1) о том, как бы найти критериум не истины, но того состояния умов, при котором их общение может быть плодотворно, или скорее — такое состояние и отношение умов, при котором общение плодотворное невозможно. Как бы найти те условия, при которых винт может держать, и те, при которых он не держит. Дело, главное, в том, чтобы найти признаки праздной болтовни, баловства словом, которые ужасны для меня, как и для всех искренних работников слова. Как же — я из глубины души достаю с болью и страшным трудом мысль, и вдруг эта мысль замешивается [?] в миллионы таких же мыслей и среди этой массы теряет свое значение. Мысли же эти не мысли, а подобие их и добываются совсем не из глубины и совсем иначе и очень легко. Вот найти признак их. Об этом допишу после.

2-е думал: о том, что есть компромисс, напишу об этом Черткову. Еще о издании своих сочинений только после смерти. Была Марья Александровна. Она едет на Кавказ с своей бывшей начальницей. Рассказывала о Черткове. Все бы хорошо, кабы только они (женщины) были на своем месте, т. е. смиренны. Стахович отец. Тяжело. Потом Свешникова милая. Потом Дунаев, хорошо поговорил с ним. [Вымарано 3–4 слова. ] Держусь изо всех сил. Можно, коли помнить. [Вымарано 3–4 слова.]

28 февраля. Москва. 89. Встал рано, убрал комнату, записал, иду кофе пить. Объелся кофеем. Читал Leroi Bolieu. […] Вчера думал: многописание есть бедствие. Чтобы избавиться его, надо установить обычай, чтобы позорно было печататься при жизни — только после смерти. Сколько бы осадку село и какая бы пошла чистая вода! […]

1 марта. 89. Москва. Встал рано разбитый, слабый. Долго так сидел, с усилием записал. […] Был Гольцев. Я ему продиктовал теорию искусства. Был Альсид. Ужасно трудно во взрослые годы понимать степень ребячества молодых людей. Лег в 12.

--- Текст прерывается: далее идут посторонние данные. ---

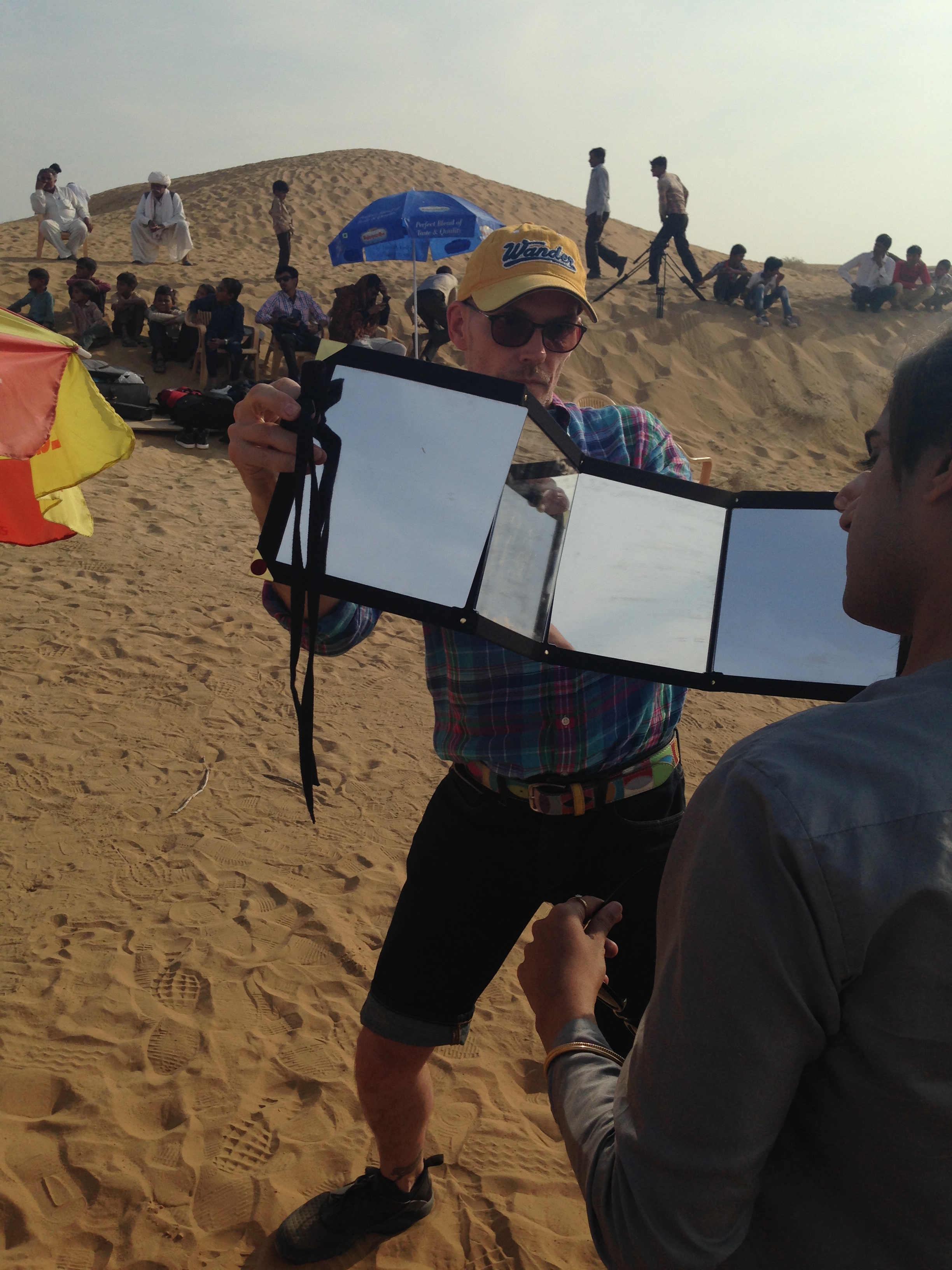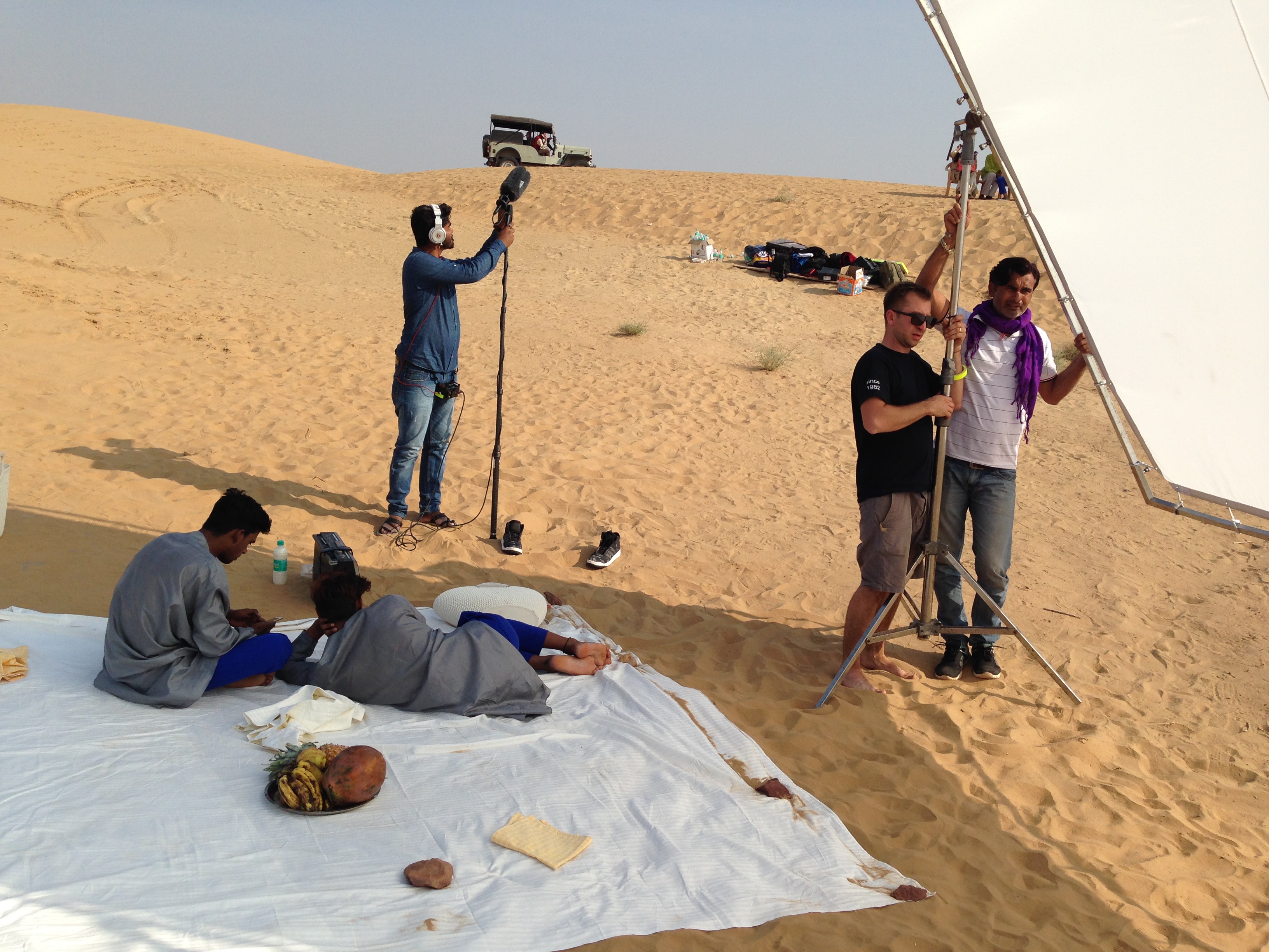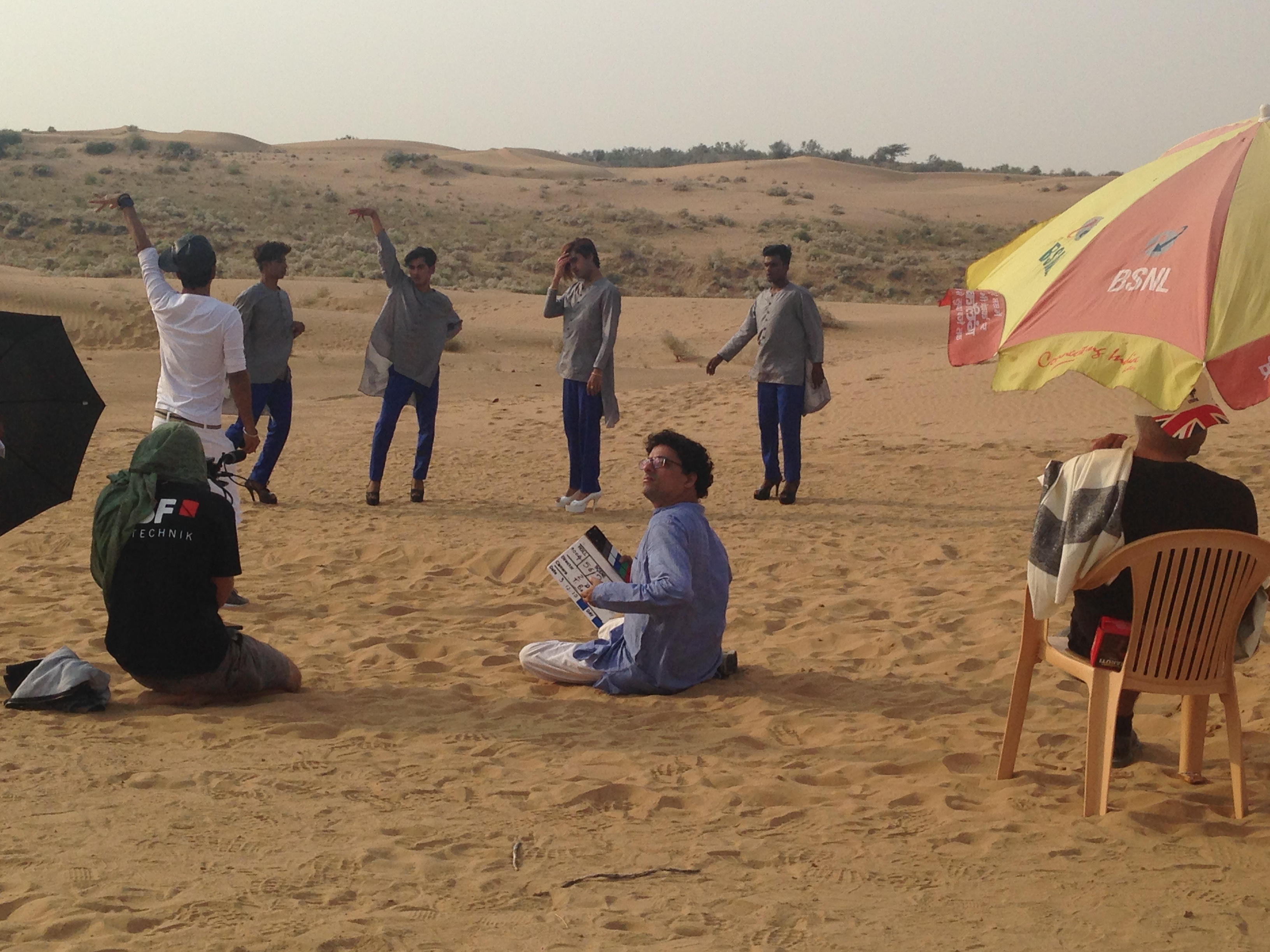 Urmi in the desert Dancing boy 4 Mohit Singh (Aakash) Shubham Kumar Sushant press shot Dancing boy 2 Lelin Kumar Zahid press shot Bhuushan in a cafe Sandy (choreographer). Yogi press shot Boys on way home from school stop to watch production Sunset in the desert Resting between takes Urmi and Yogi after make up This beetle appears in the film! John the make up artist and Sushant check his make up (with audience!) Dance rehearsal Setting up for a take Local kids excited to see a film being shot near their village Sunset in the desert

3 марта. 89. Москва. Встал в 8, убрался.

[…] Поправлял об искусстве — вышло лучше. Начал было писать о Фрее — не пошло. Снес Гольцеву и зашел к Вере Александровне. […]

4 марта. Москва. 89. Встал позднее, записал, работать нечего, пойду пройдусь. Читал М. Arnold. Слабо. Софизмы о церкви, которая ему зачем-то нужна. Спал. Пошел в библейскую лавку, заперто. Дома много народа своего. Хорошо все было до приезда Сережи и его все одних и тех же разговоров, осуждающих все, отчаянных и оправдывающих себя. Я более горячо говорил, чем надо. Лева огорчает меня своей папиросочной плохостью. Ел лишнее, живот ноет. Потом пришел Касаткин, Архангельский, Янжул и Трирогова. Хорошо говорили. Письма два из Америки. Одно Панина, лекция обо мне, другое известие о свободо-земельном движении в Колорадо. Лег очень поздно.

7 марта. 89. Москва. Встал рано. С Сережей хорошо говорил, возил воду, записал и иду завтракать. От Ге вчера письмо хорошее. [Вымарано около 4 строк.]